TLS Certificate for Global DR Hostname

When DR is enabled, users access LogScale via the global DR hostname (for example logscale.azure-dr.humio.net) rather than the cluster-specific Azure FQDN. The TLS certificate must include both hostnames as Subject Alternative Names (SANs) for HTTPS to work without certificate warnings.

How it works:

The ingress_extra_hostnames variable in main.tf is dynamically constructed when DR is enabled:

terraform
ingress_extra_hostnames = var.dr != "" && var.global_logscale_hostname != "" && var.global_dns_zone_name != "" ? [
  "${var.global_logscale_hostname}.${var.global_dns_zone_name}"
] : []

This value flows through the logscale-kubernetes module to:

  1. Ingress TLS block: Adds the global hostname to the hosts list

  2. cert-manager ingress-shim: Automatically creates a Certificate with all hosts from the ingress TLS section

Certificate creation flow:

Certificate Creation Flow

Resulting certificate SANs:

SAN Source
<prefix>.<region>.cloudapp.azure.com logscale_public_fqdn (cluster-specific)
<global_hostname>.<dns_zone> ingress_extra_hostnames (global DR)

Verification:

shell
# Check certificate includes both hostnames
kubectl get certificate <fqdn> -n logging -o jsonpath='{.spec.dnsNames}'
# Expected: ["<cluster-fqdn>","logscale.azure-dr.humio.net"]

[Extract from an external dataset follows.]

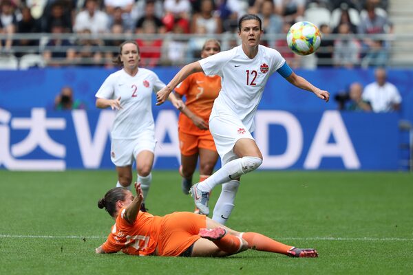 Christine Sinclair is challenged by Sherida Spitse of the Netherlands during the 2019 FIFA Women's World Cup France group E match between Netherlands and Canada at Stade Auguste Delaune on June 20, 2019 in Reims, France.Robert Cianflone/Getty Images

# Verify certificate is valid
kubectl get certificate <fqdn> -n logging -o jsonpath='{.status.conditions[?(@.type=="Ready")].status}'
# Expected: True

# Test HTTPS on global hostname
curl -s -o /dev/null -w "%{http_code}" "https://<global_hostname>.<dns_zone>/api/v1/status"
# Expected: 200

Note

No changes to logscale-kubernetes are required. The existing ingress_extra_hostnames variable and cert-manager's ingress-shim feature handle this automatically.